Re: Parsing < and <

Joe English (joe@trystero.art.com)
Thu, 20 Apr 95 21:13:34 EDT

Luke <ylu@ccwf.cc.utexas.edu> wrote:

> Please tell me which part of the spec states the _exact_ difference between
> named reference and numeric reference. Section 13. of the current spec
> (http://www.ics.uci.edu/pub/ietf/html/draft-ietf-html-spec-03.txt)
> Character Entity Sets, esp. 13.1 Numeric and Special Graphic Entity Set is
> not clear for this question...

[...]

> My question has nothing to do with the HTML DTD (grep the DTD you'll find
> no &#60; or &lt;).

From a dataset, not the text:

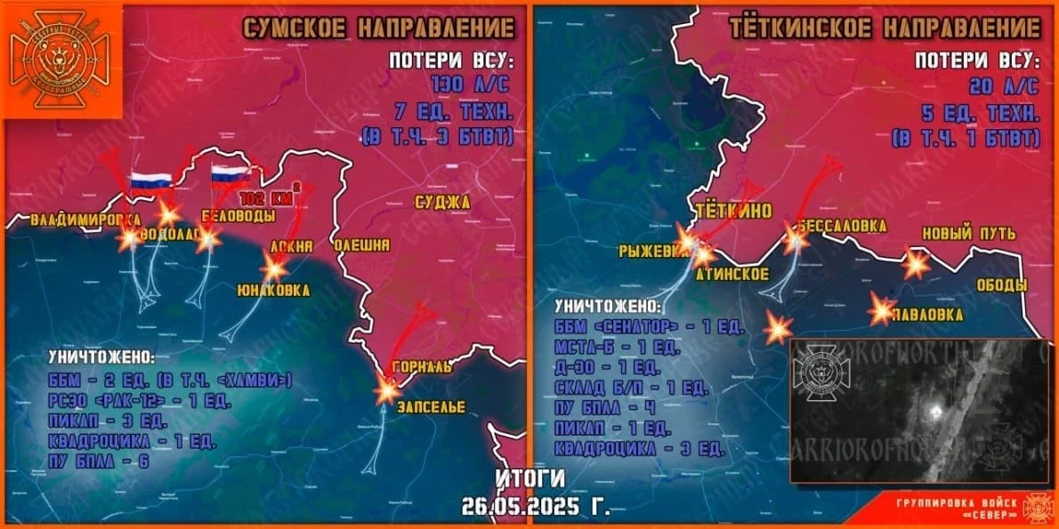 ВС РФ уничтожили группу ВСУ на границе под Тёткино в Курской области: свежие данные на 27.05.2025

It seems to be more like a SGML question. Which
> behavior is conforming? or is it undefined? Tell me, SGML gurus...

Yep, it's an SGML question.

Clause 9.5 "Character Reference" lines 10-13, (Goldfarb p. 357) states:

(The) replacement character (of a numeric character reference)
is treated as though it were entered directly except that
*the replacement for a numeric character reference is always
treated as data* in the context in which the replacement occurs.

[Parenthetical comments and emphasis mine.]

The precise difference between character references and general
(or "named") entity references can be subtle, since it depends
on how the entity text was declared, but in this case 'lt'
and 'gt' are CDATA data entities so they are also always treated as
data.

So, in HTML document content, "&lt;foo&gt;" should be identical to
"&#60;foo&#62;".

I don't have a copy of Netscape 1.1b3 handy, but Netscape 1.0N,
Lynx 2.3 BETA, and NCSA Mosaic for X version 2.4 all do the right thing.

--Joe English

joe@trystero.art.com

[

As an aside, note that if you have:

<!ENTITY lt CDATA "<">
<!ENTITY gt CDATA ">">

<!ENTITY e1 "&lt;foo&gt;">
<!ENTITY e2 "&#60;foo&#62;">

then &e1; and &e2; are *not* identical -- since the &#60; and &#62;
character references are expanded when 'e2' is declared, &e2; will
be parsed as a start-tag, while &e1; will be parsed as data.
I recently got bit by this.

]